EXERCISE DIRECTIONS — Exactly the lines from the line that has "Вечером уже не" through the final line below are to be retyped, and the pictures are not.
BEGIN MATERIAL FOR THIS EXERCISE
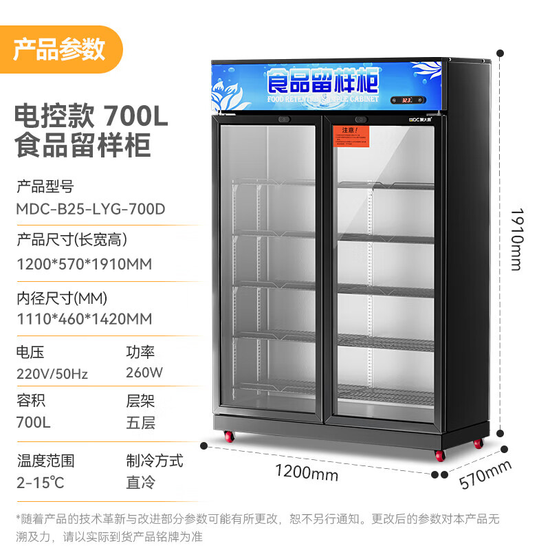 麦大厨商用大容量留样柜公司单位食堂用水果蔬菜菜品留样冰箱保鲜冷藏带锁五层展示柜 MDC-B25-LYG-700D价格:5060.00元!
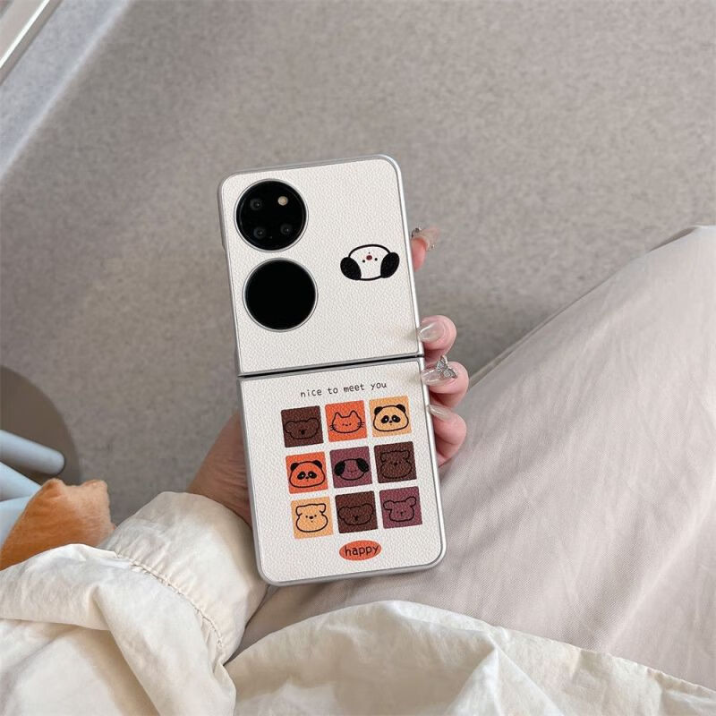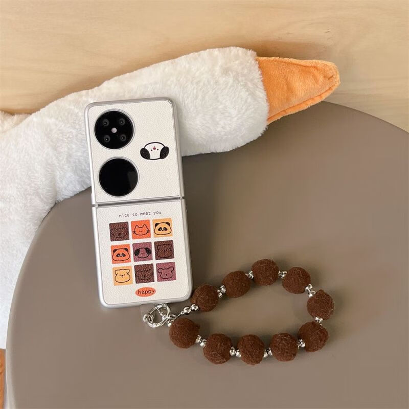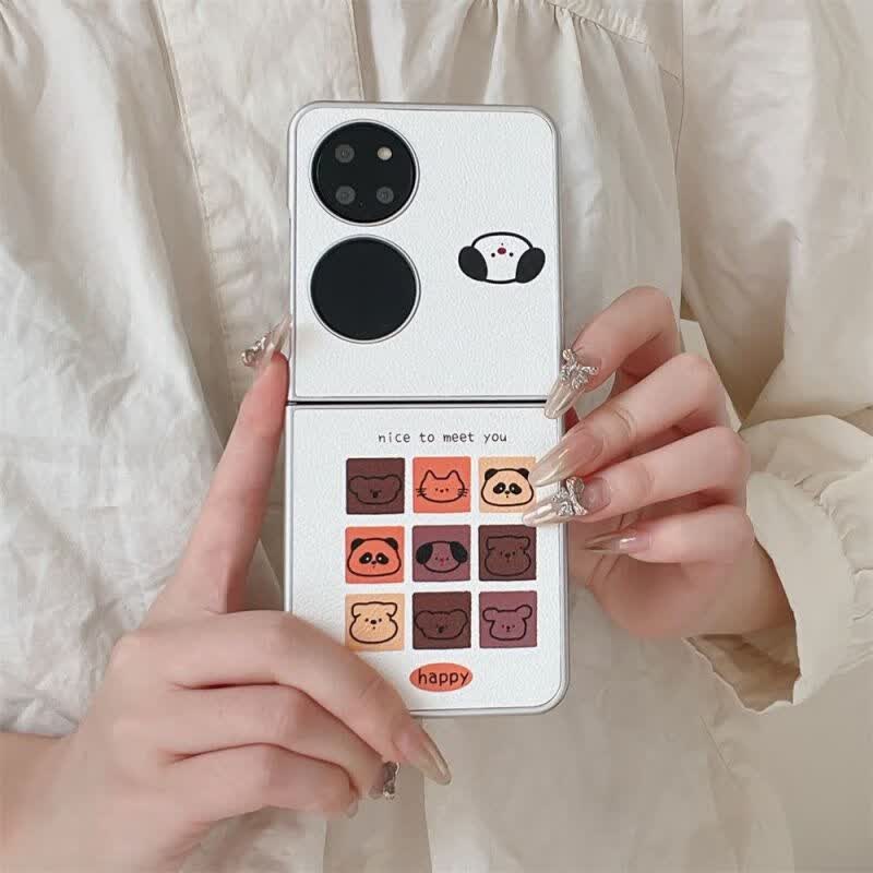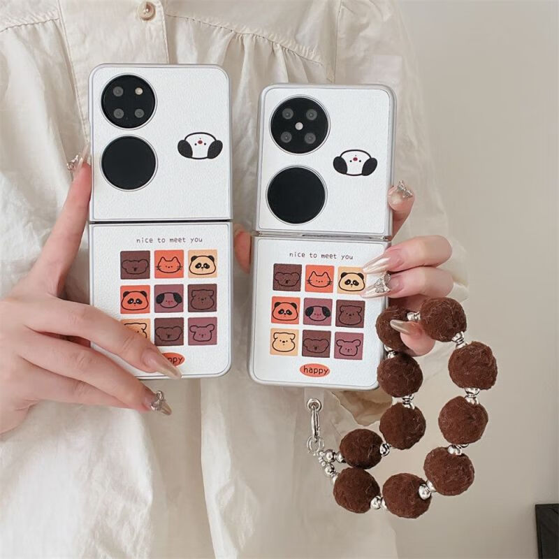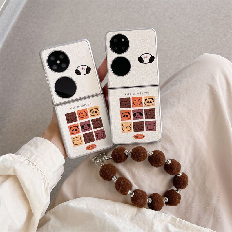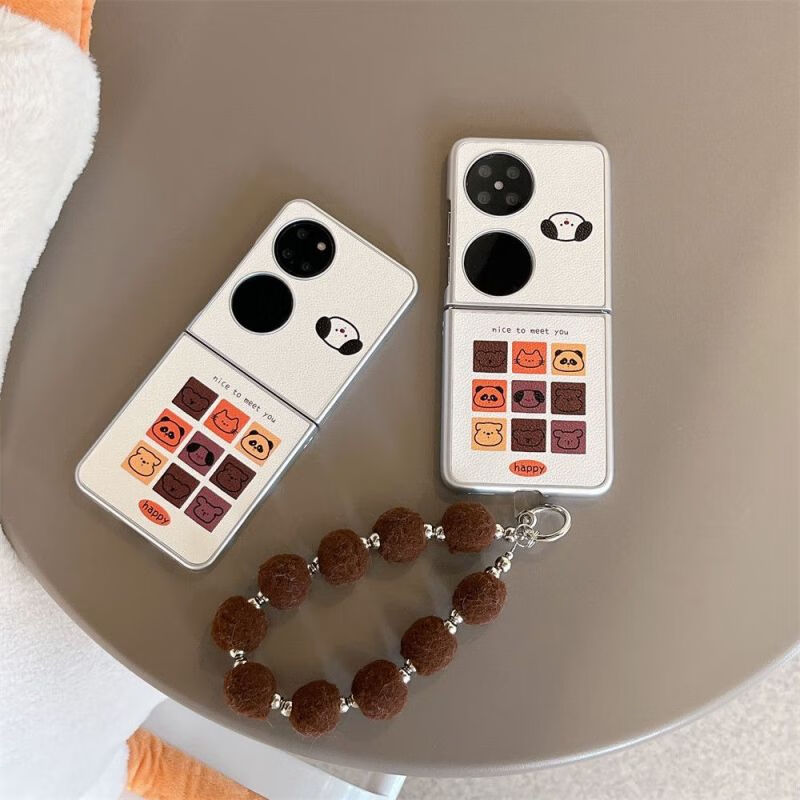 Hnew适用于华为pocket2手机壳新款ins可爱皮纹九宫格小动物P50 Pocket折叠宝盒保护套全包防摔女高级感 手绳款【九宫格小动物 白色皮纹】轻奢肤感 华为Pocket2
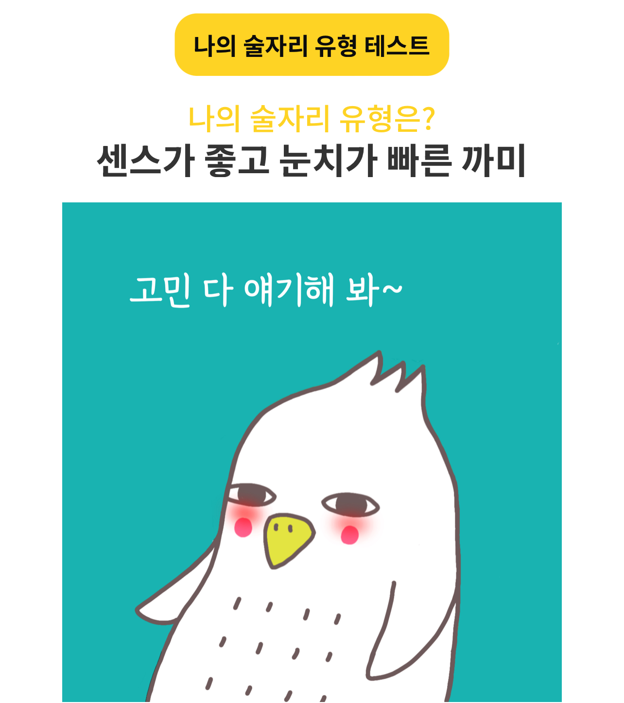 나의 술자리 유형은 센스가 좋고 눈치가 빠른 까미가 나왔습니다.
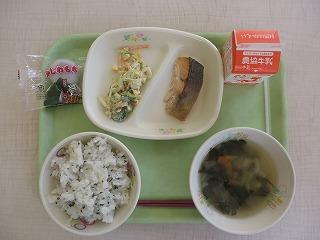 わかめごはん 鮭の塩焼き ごまマヨネーズ みそ汁 かしわもち 牛乳
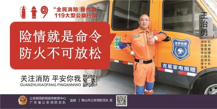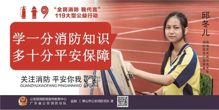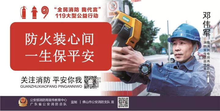 9月底起,为迎接119消防宣传月,发动社会各界进一步关注消防、学习消防、参与消防,推动落实单位消防安全责任,提升公众消防安全素质,佛山市公安消防局在全市范围内组织开展了“全民消防我代言”大型公益行动。
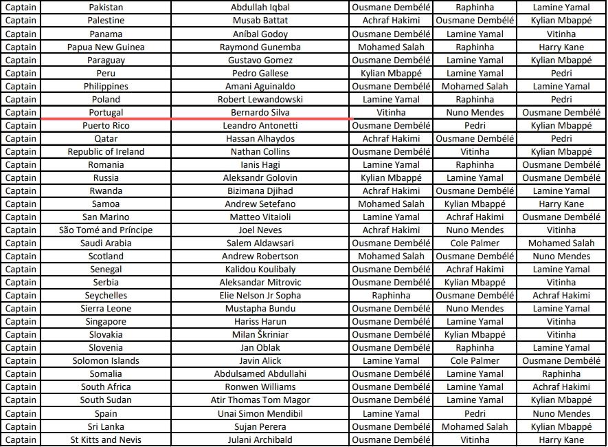 Theo dữ liệu bỏ phiếu của các đội trưởng đội tuyển quốc gia (được đánh dấu đỏ), đội trưởng Bồ Đào Nha hiện tại là Bernardo Silva (Man City), và anh ấy đã bỏ phiếu cho đồng đội người Bồ Vitinha (Paris Saint-Germain). Việc Bernardo Silva chọn Vitinha không có gì đáng ngạc nhiên vì họ là đồng đội ở đội tuyển quốc gia Bồ Đào Nha và cũng cùng là thành viên của đội ba lần vô địch mùa trước tại PSG.
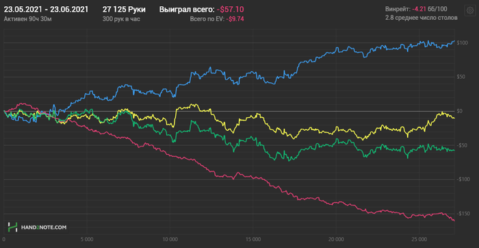 Вечером уже не так хороша сессия. Шло все хорошо, +1 БИ. Потом кулер 666КК -> ККК66. Потом не очень удачно сыграл и стек отдал. А потом протелефонил ставки оппа-фиша (в т.ч. рейз на флопе) в мультипоте и отдал бОльшую часть стека снова . На шд посмотрел на сет и подумал "А что я там хотел увидеть?". Собственно, по его линии там и не было ничего хуже...
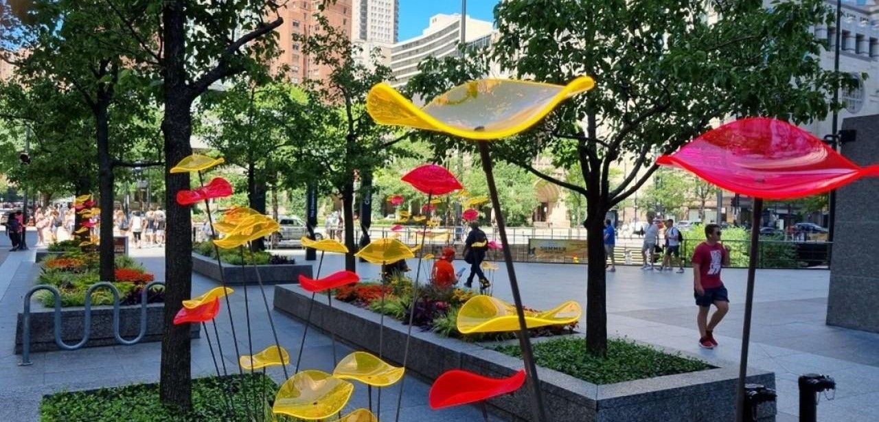 Die filigrane Konstruktion aus Glasfaserstäben verfügt über eine zurückhaltende Oberfläche in Grau, Weiß oder Schwarz und wird so zum neutralen Träger. Durch diese unaufdringliche Optik bleiben die farbenprächtigen Einzelelemente im Fokus, darunter schimmernde Glasdetails, glänzende Metallkomponenten oder farbige Acrylplatten. Sie wirken nahezu schwerelos und erzeugen im Wind eindrucksvolle Lichtreflexe. Diese Kombination ermöglicht eine puristische Ästhetik mit lebendigen Akzenten und subtilen Farbnuancen im Außenbereich sowie faszinierendes Zusammenspiel aus Transparenz und Struktur.
END MATERIAL FOR THIS EXERCISE
OUTPUT OF THE TASK —
 Вечером уже не так хороша сессия. Шло все хорошо, +1 БИ. Потом кулер 666КК -> ККК66. Потом не очень удачно сыграл и стек отдал. А потом протелефонил ставки оппа-фиша (в т.ч. рейз на флопе) в мультипоте и отдал бОльшую часть стека снова . На шд посмотрел на сет и подумал "А что я там хотел увидеть?". Собственно, по его линии там и не было ничего хуже...
 Die filigrane Konstruktion aus Glasfaserstäben verfügt über eine zurückhaltende Oberfläche in Grau, Weiß oder Schwarz und wird so zum neutralen Träger. Durch diese unaufdringliche Optik bleiben die farbenprächtigen Einzelelemente im Fokus, darunter schimmernde Glasdetails, glänzende Metallkomponenten oder farbige Acrylplatten. Sie wirken nahezu schwerelos und erzeugen im Wind eindrucksvolle Lichtreflexe. Diese Kombination ermöglicht eine puristische Ästhetik mit lebendigen Akzenten und subtilen Farbnuancen im Außenbereich sowie faszinierendes Zusammenspiel aus Transparenz und Struktur.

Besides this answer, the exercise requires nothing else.